İslâm bilginleri de bu hadisten yola çıkarak yaptıkları keşiflerinde “Ahir zamanda mütekellimînden ve ilm-i kelâm ulemasından birisi gelir, bütün hakâık-ı imaniye ve İslâmiyeyi delâil-i akliye ile kemâl-i vuzuh ile ispat eder” (Şuâlar, 152) demişlerdir. Muhiddin-i Arabî de keşfinde “Allah’ı en iyi bilen Peygamberimiz (asm) ve onun şakirdi olan Hz. Ali (ra) olduğu gibi ahirzamanda da Hz. Ali’nin bir veled-i manevisi ve şakirdi olan ve hakikat dersini ondan alan Mehdi, Allah’ı en iyi bilen ve Marifetullahı en iyi şekilde anlatan kişidir” demiştir.
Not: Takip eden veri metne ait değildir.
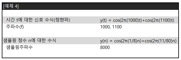 - 신호 수식: 1 kHz와 1.1kHz의 정현파가 합쳐진 신호 --> $\cos{2\pi \cdot 1000t} + \cos{2\pi \cdot 1100t}$
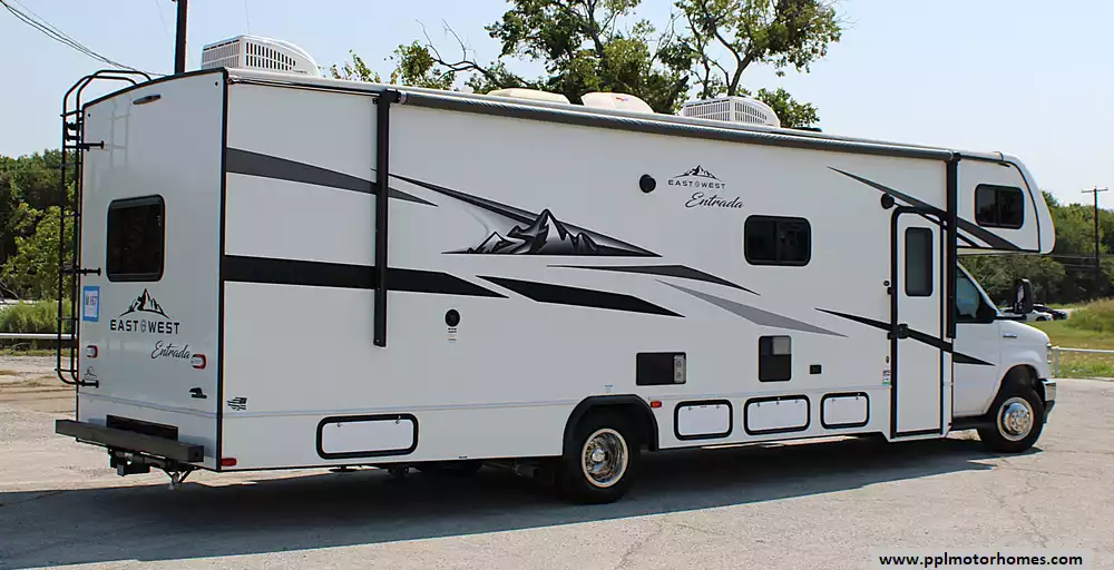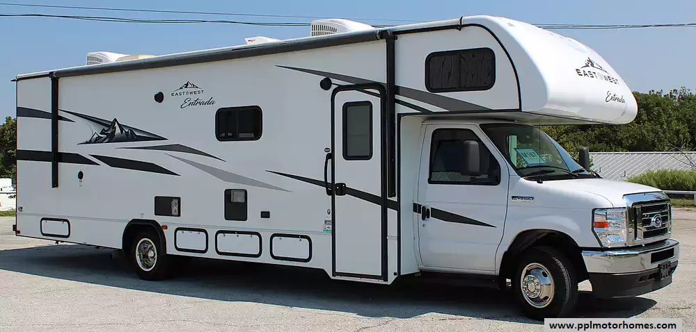 2022 East to West Entrada 2900DS, a Class C motorhome designed to take every journey to the next level. Stretching just over 32 feet, this coach offers a perfect balance of comfort and capability, ready to handle winding roads while delivering all the elegance of a rolling retreat. With sleeping space for up to 7-8 people, including a private walk-around queen bed, a spacious cab-over bunk, a convertible U-shaped dinette, and a sofa, it ensures everyone has a cozy spot to relax after a day of exploration. Whether it's family, friends, or both, this motorhome makes sure nobody is left behind.
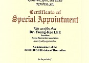Selection of our association’s Young Kee Lee as Recreation Commissioner of ICHPER.SD ICHPER.SD (Inte…
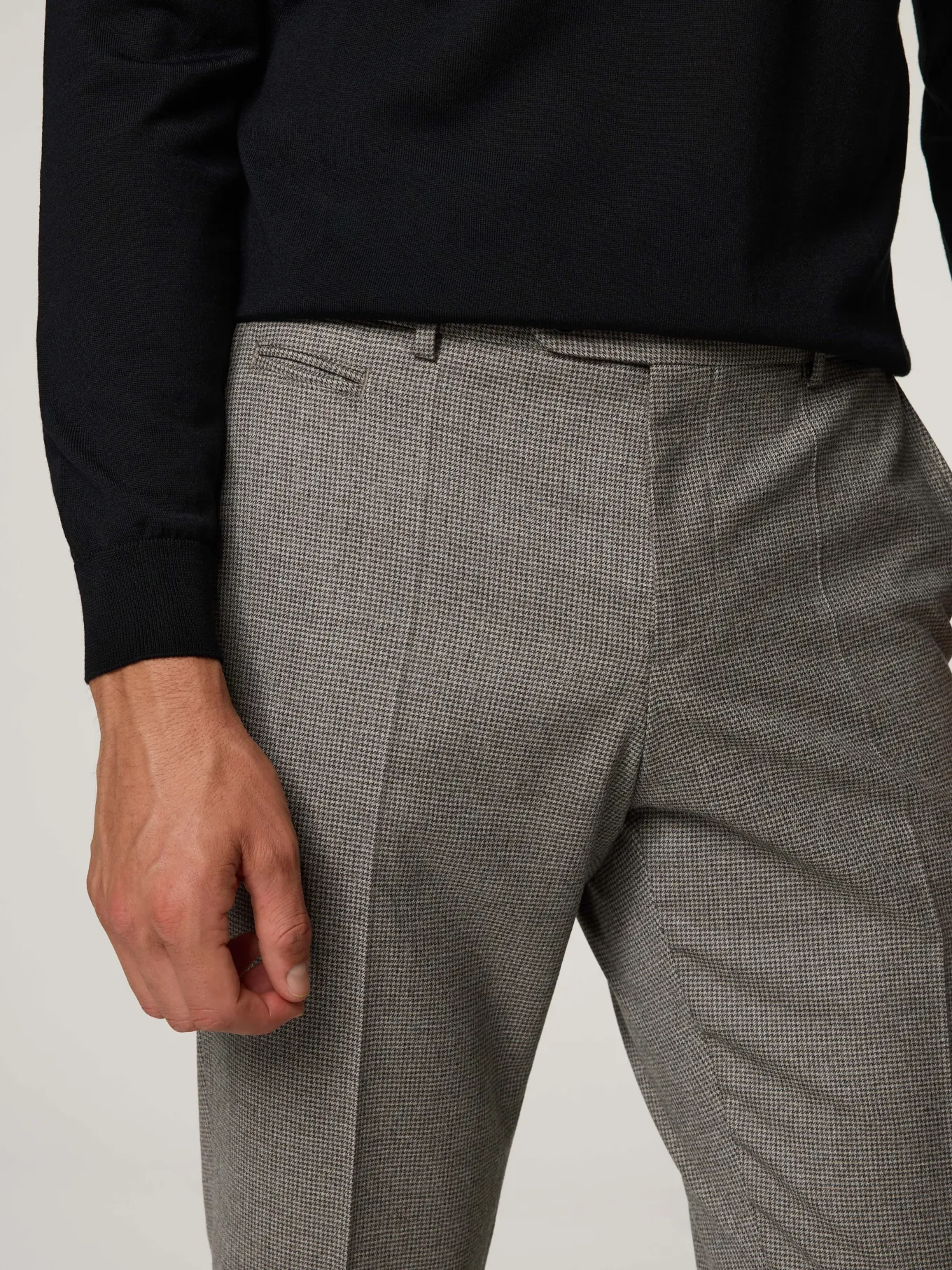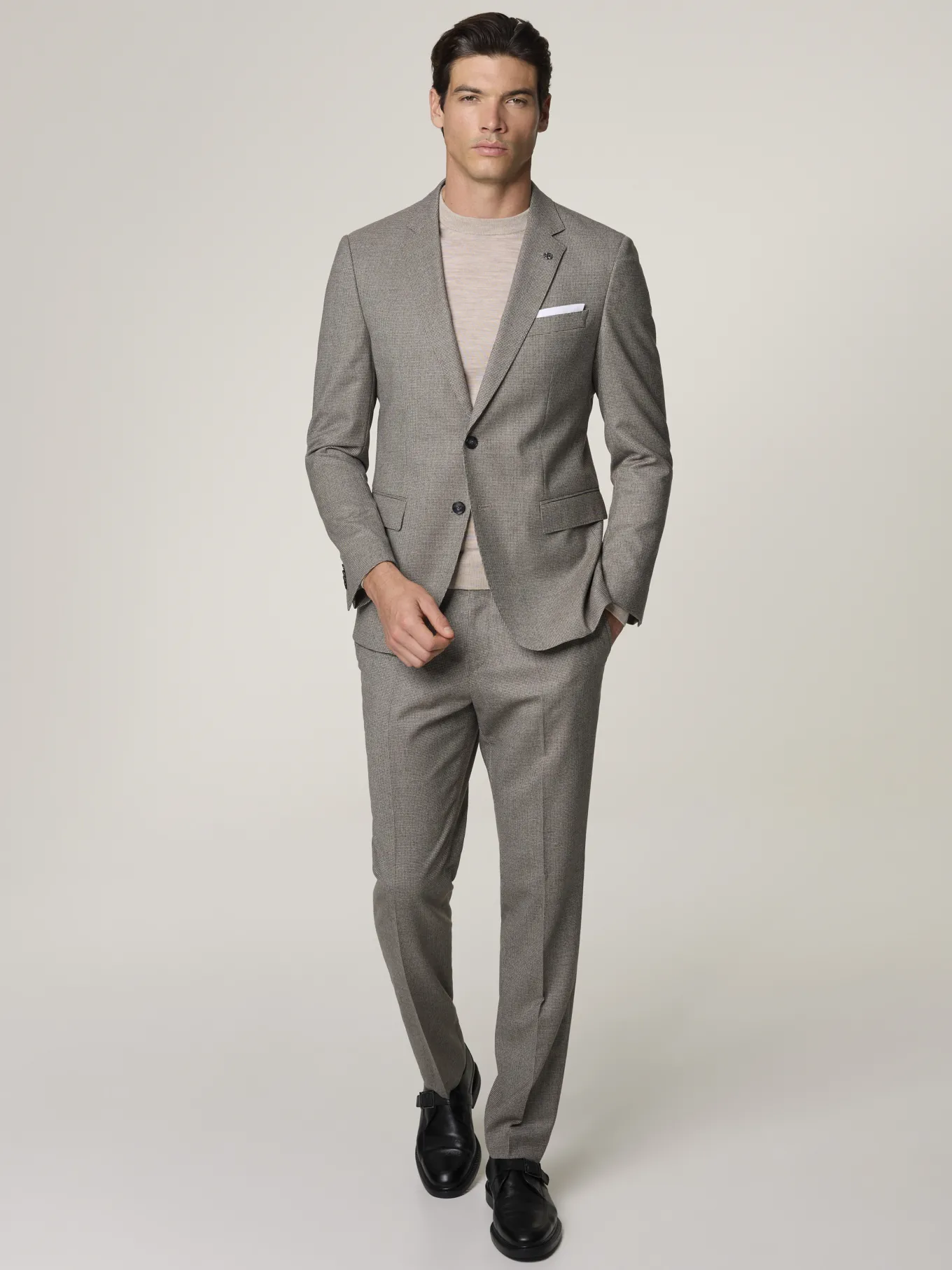 Unser Model misst 187 cm und trägt Grösse 50.
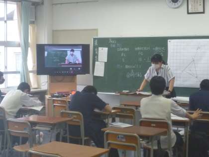 オンラインで受けている生徒にもよく見えるように、iPadの位置などを先生が調整しながら、授業を行っています。

İşte Mehdi’nin iman ve Kur’ân hizmetinde bulunan ve marifetullahı insanlara anlatan şakirtleri üzerinde deccal ve süfyanın baskısı hiçbir zaman kalkmaz ve devam eder. Fitne ve fesadı ile cemaatini onun hizmetinden ayırmak için çalışırlar ve pek çoklarını fitneye düşürerek cemaatinden ayırırlar; ancak içlerinden ihlâslı bir cemaat fitnelere kapılmadan en zor şartlarda hakka hizmet etmeye devam eder.

Peygamberimiz (asm) bu hakikati şöyle ifade eder: “Ümmetimden bir cemaat kıyamete kadar hakkı ayakta tutmaya devam eder. Kendilerinden ayrılanların ayrılmaları onlara zarar vermez” (Ramuzu’l-Hadis, 472) buyurmuşlardır. Demek ki Mehdi’nin cemaatinden fitneye kapılarak ayrılanlar olacaktır. Ancak onların ayrılmaları cemaate zarar vermeyecek azınlıkta kalanlar muzaffer olarak yine hak yolda hakkı tutmaya devam edecekler (Ramuz, 487) demektir. Ayrılanların ayrılma sebepleri de çetin ve meşakkatli görevlerden kaçınma, rahatlık meyli, can, mal ve makam sevgisi ve onları koruma meyli gibi sebeplerden olacaktır. (Ramuz, 476)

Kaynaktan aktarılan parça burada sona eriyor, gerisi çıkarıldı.